Mientras que la vía inferior nos lleva a caer en los brazos del otro, la vía superior nos permite contemplar las cosas desde una perspectiva más amplia, de ahí la importancia de mantener, después de una cita, una conversación en torno a un café. De este modo, el cortejo prolongado permite a los implicados calibrar mejor la capacidad del otro para lo que más les importa, es decir, que la otra persona sea considerada, comprensiva, receptiva y competente, es decir, digna de un apego todavía más intenso.

Es así como las distintas fases del cortejo proporcionan a los implicados la posibilidad de determinar si la persona en cuestión podrá convertirse en una pareja adecuada, un indicador positivo de que será un buen padre. Es en esta fase —que se asemeja al modo en que los bebés de tres meses seleccionan a las personas con las que quieren relacionarse, centrándose en aquéllas que les parecen más seguras— cuando los implicados valoran la cordialidad, sensibilidad y reciprocidad de su interlocutor y toman una decisión.

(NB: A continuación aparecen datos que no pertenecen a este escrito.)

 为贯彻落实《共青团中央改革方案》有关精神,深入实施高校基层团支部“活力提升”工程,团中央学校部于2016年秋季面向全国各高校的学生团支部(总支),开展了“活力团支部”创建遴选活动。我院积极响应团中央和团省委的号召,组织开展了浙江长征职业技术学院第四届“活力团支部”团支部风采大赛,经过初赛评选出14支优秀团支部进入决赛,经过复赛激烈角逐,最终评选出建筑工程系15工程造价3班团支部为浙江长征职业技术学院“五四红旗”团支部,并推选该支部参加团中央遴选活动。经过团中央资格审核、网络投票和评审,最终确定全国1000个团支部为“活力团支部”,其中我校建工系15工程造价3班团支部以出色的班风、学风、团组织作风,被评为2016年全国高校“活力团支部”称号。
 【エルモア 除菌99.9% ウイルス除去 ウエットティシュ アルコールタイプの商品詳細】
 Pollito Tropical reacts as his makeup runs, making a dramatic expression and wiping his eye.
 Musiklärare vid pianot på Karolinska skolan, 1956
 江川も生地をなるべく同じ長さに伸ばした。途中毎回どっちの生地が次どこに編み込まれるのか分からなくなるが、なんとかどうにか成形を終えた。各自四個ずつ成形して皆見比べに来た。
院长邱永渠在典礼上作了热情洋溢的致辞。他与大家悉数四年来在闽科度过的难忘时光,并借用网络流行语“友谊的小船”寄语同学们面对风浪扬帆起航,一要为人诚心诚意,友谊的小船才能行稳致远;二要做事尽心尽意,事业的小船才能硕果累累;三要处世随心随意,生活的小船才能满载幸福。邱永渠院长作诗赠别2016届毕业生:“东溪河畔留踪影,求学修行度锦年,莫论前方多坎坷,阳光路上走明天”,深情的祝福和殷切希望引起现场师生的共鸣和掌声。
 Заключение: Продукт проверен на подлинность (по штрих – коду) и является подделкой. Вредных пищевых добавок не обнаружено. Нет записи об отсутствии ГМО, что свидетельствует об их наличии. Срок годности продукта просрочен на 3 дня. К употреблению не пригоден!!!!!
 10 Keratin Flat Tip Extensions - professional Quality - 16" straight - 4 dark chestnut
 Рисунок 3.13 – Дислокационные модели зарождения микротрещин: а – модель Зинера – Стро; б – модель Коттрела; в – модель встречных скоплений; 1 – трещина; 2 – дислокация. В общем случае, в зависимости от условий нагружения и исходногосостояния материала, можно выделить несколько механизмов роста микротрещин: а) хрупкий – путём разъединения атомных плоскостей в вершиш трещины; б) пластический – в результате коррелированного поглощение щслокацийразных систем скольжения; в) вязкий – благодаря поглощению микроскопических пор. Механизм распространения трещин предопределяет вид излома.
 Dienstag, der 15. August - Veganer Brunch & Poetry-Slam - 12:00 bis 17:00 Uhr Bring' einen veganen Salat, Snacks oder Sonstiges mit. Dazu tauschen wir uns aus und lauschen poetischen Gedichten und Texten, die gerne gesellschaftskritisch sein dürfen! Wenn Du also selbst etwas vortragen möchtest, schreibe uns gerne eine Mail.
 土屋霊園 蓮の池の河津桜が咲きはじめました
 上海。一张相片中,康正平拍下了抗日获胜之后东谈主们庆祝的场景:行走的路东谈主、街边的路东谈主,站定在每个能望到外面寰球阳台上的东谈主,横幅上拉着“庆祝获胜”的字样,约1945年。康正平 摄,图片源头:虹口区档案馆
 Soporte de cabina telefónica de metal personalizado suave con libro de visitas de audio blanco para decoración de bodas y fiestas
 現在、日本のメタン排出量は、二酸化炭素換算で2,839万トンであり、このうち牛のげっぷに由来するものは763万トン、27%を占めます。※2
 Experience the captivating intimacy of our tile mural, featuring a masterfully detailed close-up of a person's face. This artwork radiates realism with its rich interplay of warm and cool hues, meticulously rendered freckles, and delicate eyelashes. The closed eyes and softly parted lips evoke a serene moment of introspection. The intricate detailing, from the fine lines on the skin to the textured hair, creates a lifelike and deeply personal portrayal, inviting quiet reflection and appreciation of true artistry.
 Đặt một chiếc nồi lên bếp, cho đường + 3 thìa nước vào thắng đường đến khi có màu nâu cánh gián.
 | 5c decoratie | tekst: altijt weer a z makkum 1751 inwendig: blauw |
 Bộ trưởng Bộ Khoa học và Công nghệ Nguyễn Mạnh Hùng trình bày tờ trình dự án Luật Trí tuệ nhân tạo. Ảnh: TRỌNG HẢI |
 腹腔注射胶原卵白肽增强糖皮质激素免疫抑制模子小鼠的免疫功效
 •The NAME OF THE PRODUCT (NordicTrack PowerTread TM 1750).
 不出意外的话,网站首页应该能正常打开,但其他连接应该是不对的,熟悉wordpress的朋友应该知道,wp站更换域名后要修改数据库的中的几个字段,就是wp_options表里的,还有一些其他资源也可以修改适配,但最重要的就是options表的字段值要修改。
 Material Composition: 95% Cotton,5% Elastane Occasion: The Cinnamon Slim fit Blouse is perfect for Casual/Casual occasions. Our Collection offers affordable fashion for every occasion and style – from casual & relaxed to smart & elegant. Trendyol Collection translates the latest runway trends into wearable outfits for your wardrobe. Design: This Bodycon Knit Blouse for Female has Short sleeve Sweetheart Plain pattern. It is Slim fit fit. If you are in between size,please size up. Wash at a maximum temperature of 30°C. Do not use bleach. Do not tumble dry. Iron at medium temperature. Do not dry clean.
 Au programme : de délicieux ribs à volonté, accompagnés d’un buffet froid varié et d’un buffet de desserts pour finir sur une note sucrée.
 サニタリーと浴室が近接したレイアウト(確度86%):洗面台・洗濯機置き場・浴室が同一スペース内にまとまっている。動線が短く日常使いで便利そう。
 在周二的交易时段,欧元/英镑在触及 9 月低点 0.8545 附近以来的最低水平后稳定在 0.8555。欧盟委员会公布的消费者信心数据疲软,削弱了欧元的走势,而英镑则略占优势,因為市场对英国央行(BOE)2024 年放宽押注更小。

Cuando una persona ha superado esta prueba, la sincronía jalona la transición que separa la mera atracción del deseo romántico. El bienestar generado por esta conexión se pone de manifiesto —tanto en el caso de los bebés como en el de los adultos— en las miradas, mimos y arrumacos que reflejan su proximidad. Durante esta fase, los amantes regresan a un estadio infantil en el que no faltan los diminutivos, las palabras infantiles, los nombres privados, los susurros y las caricias. Esta intimidad física jalona el punto en el que cada uno de ellos se convierte —en un eco procedente también de la infancia— en una especie de fundamento seguro para el otro.

A decir verdad, el cortejo puede ser tan tormentoso para los adultos como las rabietas para los niños, no en vano los niños son tan egocéntricos como pueden serlo los amantes. Y esta pauta general se adapta también a las distintas modalidades de riesgo y ansiedad que pueda experimentar una pareja, desde el romance en tiempos de guerra y los “amores prohibidos” hasta las mujeres que se enamoran de hombres “peligrosos”. Tal vez esto explique por qué, en algunos casos, el enamoramiento se asemeja más a la adicción que a los juegos de la infancia.

El neurocientífico Jaak Panksepp sostiene la hipótesis de que, cuando una pareja se enamora, sus integrantes se convierten, de algún modo, en adictos el uno del otro. La investigación realizada por Panksepp ha puesto de relieve la existencia de un correlato neuronal entre la dinámica de la adicción a los opiáceos y la dependencia de las personas con las que experimentamos los apegos más intensos. Todas las relaciones interpersonales positivas, en su opinión, deben parte de su placer al sistema de los opiáceos, es decir, a los mismos circuitos que nos mantienen atados a la heroína y otras sustancias adictivas.